If California doesn’t work, there goes the whole system and again, with a fragmented law passed that took out some of the very need cores, we have what’s out there today, a mess and insurers just making record profits and moving into more and more areas of healthcare with algorithms to control cost and sadly some of the care we get. It may not be to late to consider a public option either but again if California falls, so goes the rest. BD
Reporting from Washington -- For more than a year, as conservative states have battled President Obama 's sweeping healthcare law, California was supposed to be a model that showed the law's promise. But the state is emerging as one of the biggest headaches for the White House in its bid to help states bring millions of Americans into the healthcare system starting in 2014. Though still outpacing much of the nation, cash-strapped California is cutting its healthcare safety net more aggressively than almost any other state, despite billions of dollars in special aid from Washington. And state leaders are pressing the Obama administration for permission to place some of the toughest limits in the nation on government-subsidized healthcare, including a cap on how often people with Medicaid — the healthcare program for the poorest Americans — can go to the doctor. A decision on some of California's requests is expected this month. If approved, the limits could open the door to deep cutbacks nationwide.

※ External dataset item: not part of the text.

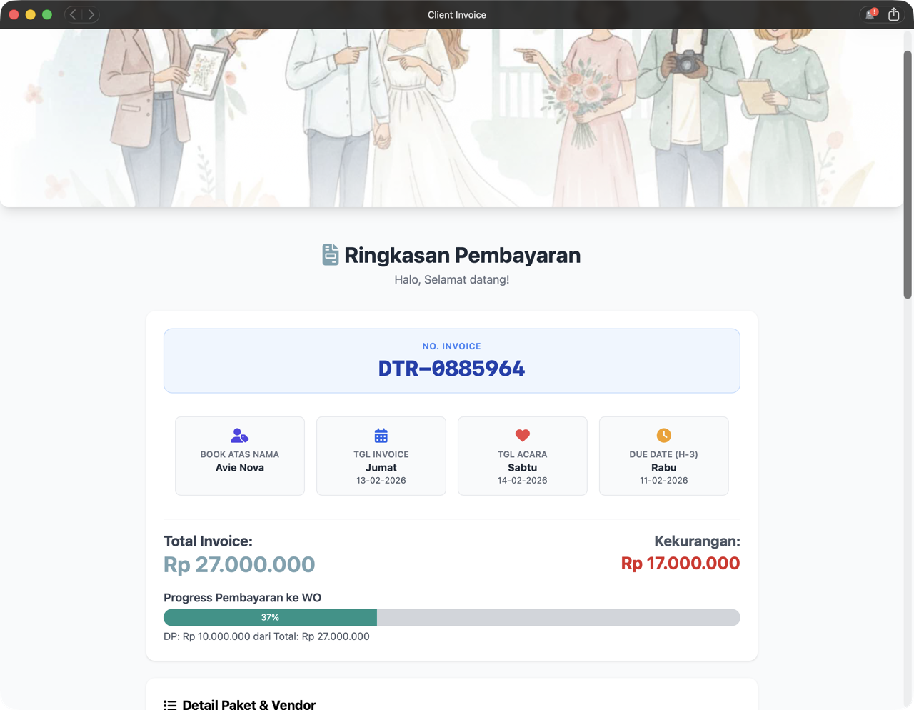 Client mendapatkan tautan khusus untuk memantau sisa tagihan mereka dan melihat daftar vendor mana saja yang sudah dibayar oleh WO. Tidak ada lagi tanya jawab yang mencurigakan.

California already spends less per beneficiary than any state. It is now seeking waivers from the federal government to impose copays of $5 for office visits and prescriptions, $50 for emergency room visits and $100 for hospital stays. Few other states come close to charging Medicaid recipients that much. Cost sharing in Medicaid is tightly restricted under federal law because it can discourage people from seeking needed care. A family of three at the federal poverty line makes just $356 a week. The state plans to limit Medicaid beneficiaries to seven doctor visits a year, with exceptions for essential care. No state has imposed such stringent limits.
Many doctors have already closed their doors to Medicaid patients. Other providers are following suit. In June, Sharp Coronado Hospital in San Diego County stopped taking new patients at its facility providing long-term life support. "I'm afraid no one is going to take these people," said Chief Executive Marcia Hall.
"We want to honor the flexibility that the states need and want," said Dr. Donald Berwick, who heads the federal Medicaid and Medicare programs. "But beneficiaries are also having a tough time, and we want make sure their interests and access are being protected."